I am using the following endpoint https://id.twitch.tv/oauth2/token and sending in the required params (grant_type, refresh_token, client_id, and client_secret). Over the last few weeks I have noticed I have been getting a large amount of rate limit exceeded results. I have never had this issue on this endpoint before, did something change? There isn’t a different one that uses the bearer token with a higher rate limit is there?
The one to refresh twitch user access tokens, via their refresh token. I just added some code to my bot to get the headers, but it seemed odd that I just started having this issue recently.
To my knowledge that endpoint shouldn’t/deosnt’ have rate limiting.
So check the
HTTP code
the actual response message
headers
Also note you only need to refresh a user token when you need to use a token, so auto refreshing it on the four hourly~ish schedule might be overkill.
But I suppose it does depend how many user tokens your service is trying to refresh, it should onlty have the broadcasters token for sub read/channel update/etc.

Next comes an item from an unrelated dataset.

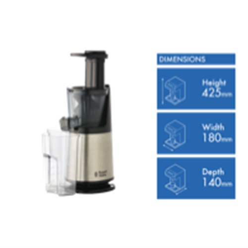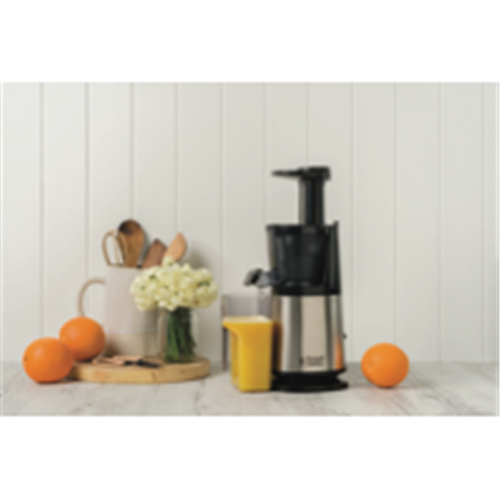 Take your health into your own hands with the Russell Hobbs Luxe Cold Press Slow Juicer. This sleek stainless steel and black juicer utilizes a low speed juicing method to gently extract the maximum amount of nutrients vitamins and enzymes from fruits and vegetables. The 150 watt motor and single speed setting make juicing simple. Just add your ingredients to the 1L capacity chute and let the stainless steel blade work its magic. With 3 handy filters included you can fine tune your juice to suit your tastes. The fine filter is ideal for nutrient-packed normal juicing. The coarse filter lets you add some pulp for texture. And the frozen attachment lets you whip up delicious sorbet for a cool treat. This juicer is designed for easy use and cleaning. The compact footprint fits neatly on your countertop while the easy clean system makes rinses fast. Crafted from BPA-free materials you can juice with confidence. Backed by a 2 year manufacturer's warranty this juicer provides healthy homemade juice for years to come. The manufacturer's part number for this product is RHSJ100. Add the Russell Hobbs Luxe Cold Press Slow Juicer to your cart today for fresh nourishing juice.

The response status is 429 which is their rate limit exceeded status. I can reply again when I get another failure, but I was also under the impression that this endpoint shouldn’t be behaving like this. I am only worried about the broadcaster tokens, and I have never had this issue in the past refreshing them every 220 minutes. This is something that just recently started happening (and I hadn’t made any code changes). I have under 100 active users right now, so there is no way I should be hitting the 800 limit that exists for other endpoints.
Some more information:
As I said the response code is 429.
The response message is empty (length of 0)
There are no twitch specific headers (limit, remaining, etc).
I am hitting the limit even when no other calls are going out, so I am not really sure what has changed, unless I am sending them out too quickly and something on twitches end is wanting me to slow down (that is the next change I am going to implement).